The shower, a low flow showerhead is a ‘must have’ purchase, while using a shower timer or an existing alarm, such as on your smartphone, will help you to keep showers as short as possible.
Top 10 Free Water Saving Devices
In addition to the excellent water saving products you can buy, water companies can often supply you with free devices that will help you reduce your bills.

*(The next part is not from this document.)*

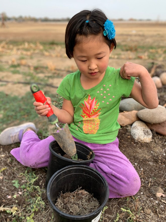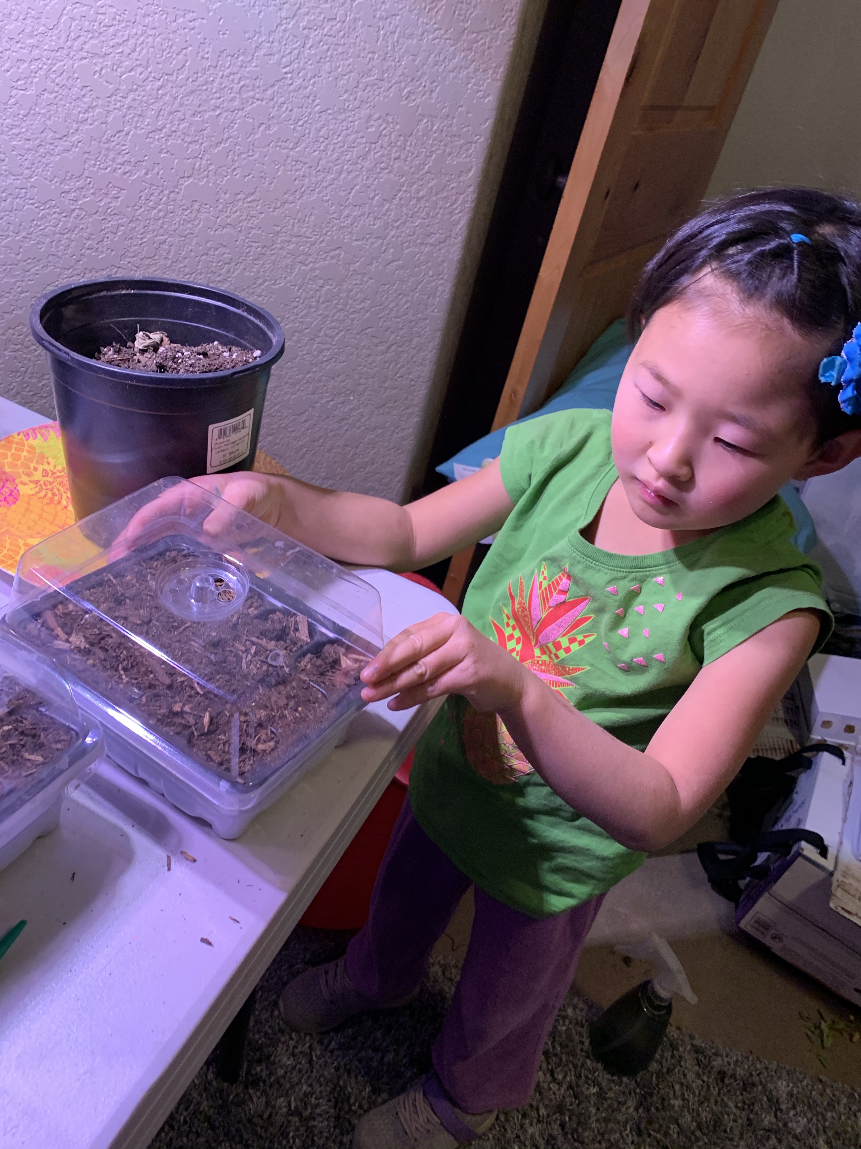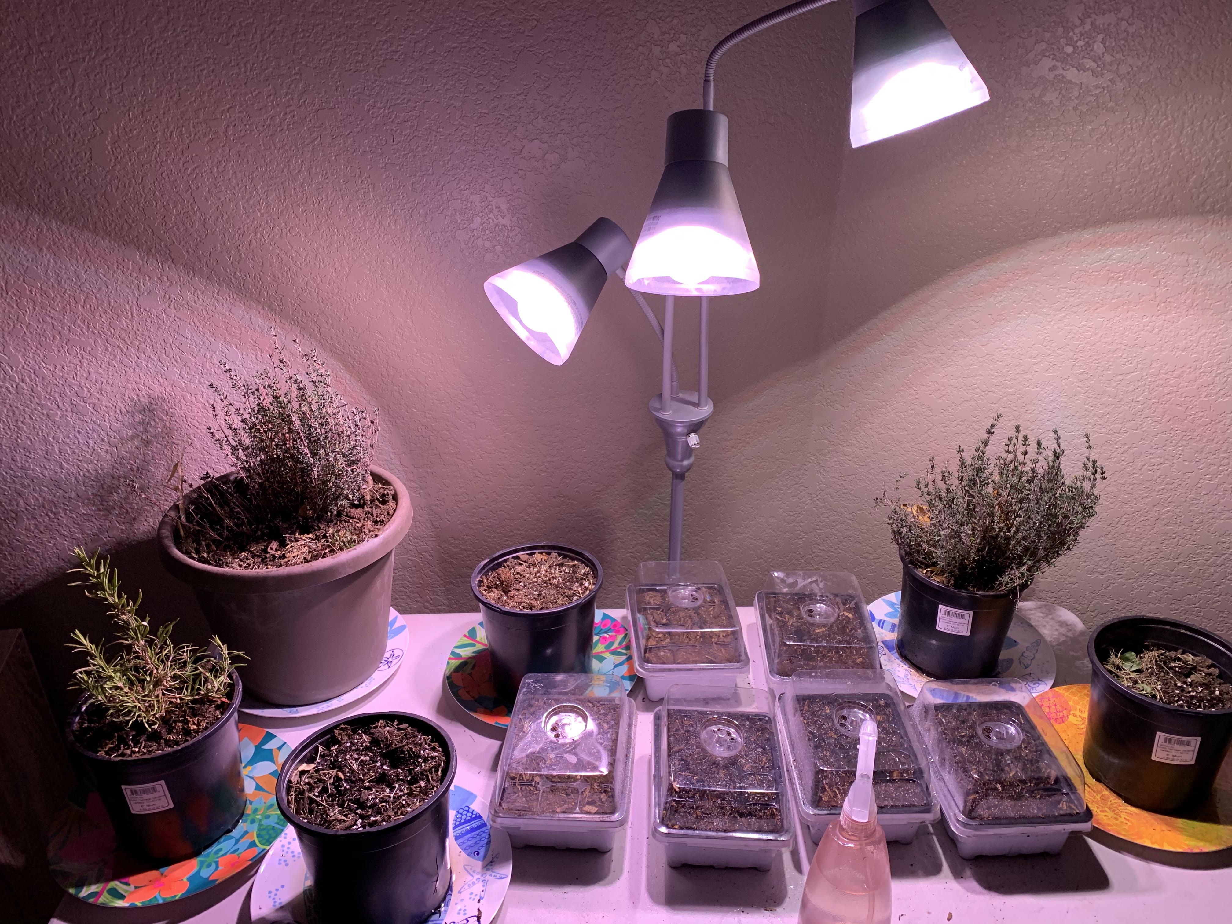 So I’m trying something new this year. I have never had a winter garden, or done any indoor gardening in the winter, but I decided to try this year. Last Wednesday with Coppelia’s help I dug up my thyme and rosemary from my outdoor garden because they were looking pretty spent and planted them in some planters for inside. Clint has been making Kombucha and so the herbs go really well with that. We filled up my seed starter packs with some dirt as well. I had found some indoor grow bulbs at Home Depot so we set those up with a lamp that wasn’t being used. We have become addicted to tomatillo salsa and so in our seed starters we planted various hot peppers and tomatillos. We had a couple extra pots so we added some cilantro seeds and I think we threw some carrot seeds in the other. I have no idea if any of these things will actually grow, but we’ll try and see what happens. New adventures are always fun.
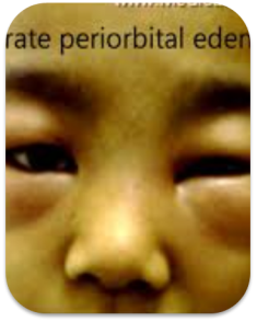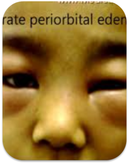 3天前排尿深茶色,出现眼睑浮肿,排尿量减少。今日出现头痛,无呕吐,无呼吸困难。

Here is the top 10 water saving devices to ask your water company for, wherever you are in the world.
Save a Flush
This product does exactly what it suggests. Save a Flush is a small bag, which expands when placed into your toilet cistern, reducing how much water you use each time you flush.
Hippo
If you have an older toilet with a larger cistern, then Hippo is ideal for saving more water than Save a Flush, and can reduce your water usage from the toilet by as much as 25%.
Tap Inserts
Free aerators that fit into your taps can potentially save you well in excess of 10,000 litres each year, which will lead to a substantial saving on your water bill. Tap inserts are easy to use, and once they’re in place they require almost no on-going maintenance to ensure they’re still in working order. In the event you do have a problem with one of them, they are easy to replace.
Toilet Stickers
Most of us treat a leaking toilet innocuously, and assume it’s just the remainder of the last flush moving through the system. However, a leaking toilet can potentially be costing you a small fortune each year. A toilet sticker is easy to use; just stick it into your bowl overnight and ensure no one uses the toilet. An intact sticker means your toilet is fine; if it’s gone, then you have a leak that needs fixing.
Hose Triggers
If you want to save water in the garden, but haven’t moved to using a watering can, a hose trigger is a great product for cutting down your consumption. Not only does it reduce water flow, it switches off when you’re not using it, saving waste from leaving it lying around or heading back indoors to switch off the tap.
Low Flow Showerhead
Granted, you’ll be lucky to get such a product free, but as the old adage goes, if you don’t ask, you don’t get, and you might be surprised at what your water company can do for you! A low flow showerhead will save thousands of litres of water per year and not take anything away from your shower experience.
Kitchen Spray Nozzle
This is another product often available if you ask for it, and if you don’t opt for the tap inserts in the kitchen, it is definitely something worth using.
Shower Flow Controller
A small device that allows you to continue using your existing showerhead, a flow controller can reduce water use by the same level as a low flow showerhead, which in turn will save a significant sum in water and energy bills.
Shower Timer
Having the best water saving devices only works if you’re committed to positive action yourself. If you struggle to take a quick shower, a free timer that tells you when five minutes is up is an excellent motivating tool.
Tooth Timer
You should already be turning off the tap when brushing your teeth anyway; not only does a tooth timer reaffirm this message, it’s also a great way to get youngsters brushing their teeth for the required two minutes morning and night.
While you can purchase all of these products to enjoy great water savings, you can also source them free at various times. Contact your water company or local authority now to see which products they’re able to provide.